Hope this clarifes the problem. Look forward to any solutions!

 

Thanks!

 

Wayne

Junior Contributor

Re: How to get historical distinct customer counts partition by department_id and order by order_dat

As OLAP functions don't allow DISTINCT you need a two-step approach lke this:

 

SELECT
   department_id,
   order_date,
   customer_id,
-- emulating Count(DISTINCT customer_id) Count(first_order_flag) Over (PARTITION BY department_id ORDER BY order_date ROWS Unbounded Preceding) FROM ( SELECT department_id, order_date, customer_id,
-- determine the first order of a customer CASE WHEN Min(order_date) Over (PARTITION BY department_id, customer_id) = order_date
THEN 1
END AS first_order_flag -- or -- CASE WHEN Row_Number() Over (PARTITION BY department_id, customer_id ORDER BY order_date)= 1
-- THEN 1
-- END AS first_order_flag FROM TableA ) AS dt

 

 

Apprentice

Re: How to get historical distinct customer counts partition by department_id and order by order_dat

Hi Wayne,

 

Thanks for that clarification - now (I think!) I understand.

 

Here are two alternatives which both seem to work for the given sample data.

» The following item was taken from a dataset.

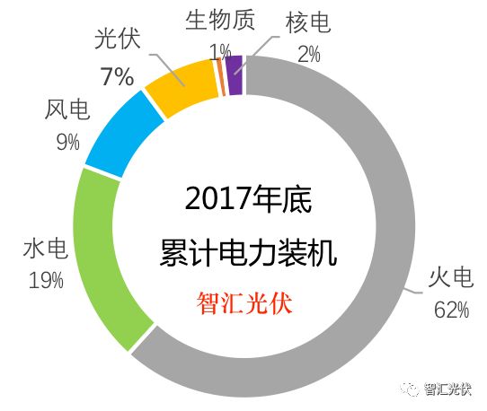 2017年,光伏累計(jì)裝機(jī)13025萬(wàn)kW,占電力總裝機(jī)的7.3%。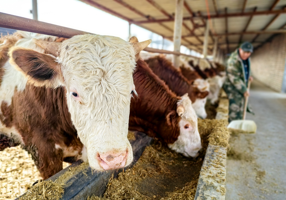 3月5日,在菏泽市牡丹区黄堽镇马堂村的肉牛养殖场里,养殖户庞承建正在喂牛,看着肉牛一天天变得膘肥体壮,他心中充满了喜悦。

They are really just different ways of coding it, take your pick. There are possibly other ways as well.

 

1) Use a derived table

SELECT a.*
   ,SUM(CASE
        WHEN a.order_dt = dt1.first_order THEN 1
	ELSE 0
	END) OVER (PARTITION BY a.department_id ORDER BY a.order_dt, a.customer_id
		   ROWS UNBOUNDED PRECEDING) AS Historical_Uniq_Customer_calc
FROM vt1 AS a
INNER JOIN (SELECT department_id,customer_id,MIN(order_dt) AS first_order
            FROM vt1
	    GROUP BY 1,2) AS dt1
  ON a.department_id = dt1.department_id
    AND a.customer_id = dt1.customer_id;

2) Use a correlated, scalar sub-query

SELECT a.*
   ,SUM(CASE
        WHEN a.order_dt = (SELECT MIN(order_dt) AS first_order FROM vt1 WHERE department_id = a.department_id AND customer_id = a.customer_id) THEN 1
	ELSE 0
	END) OVER (PARTITION BY a.department_id ORDER BY a.order_dt, a.customer_id
		  ROWS UNBOUNDED PRECEDING) AS Historical_Uniq_Customer_calc
FROM vt1 AS a;

HTH

Dave

 

Ward Analytics Ltd - information in motion
www: http://www.ward-analytics.com
Junior Contributor

Re: How to get historical distinct customer counts partition by department_id and order by order_dat

Strange, I added an answer and did edit it and now it seem to be gone :)

 

In addition to Dave's answers, using two OLAP-steps:

 

 

-- emulating a COUNT(DISTINCT customer_id) in two steps: 
SELECT department_id, order_date, customer_id, first_order_flag,
Count(first_order_flag) Over (PARTITION BY department_id ORDER BY order_date ROWS Unbounded Preceding) FROM ( SELECT department_id, order_date, customer_id, -- determine the first order of a customer CASE WHEN Min(order_date) Over (PARTITION BY department_id, customer_id) = order_date THEN 1 END AS first_order_flag -- or -- CASE WHEN Row_Number() Over (PARTITION BY department_id, customer_id ORDER BY order_date)= 1 -- THEN 1 -- END AS first_order_flag FROM TableA ) AS dt

 

Highlighted
Enthusiast

Re: How to get historical distinct customer counts partition by department_id and order by order_dat

Thanks Dave and dnoeth! 

I got it, the key is to identify whether the current order is the first order of a customer!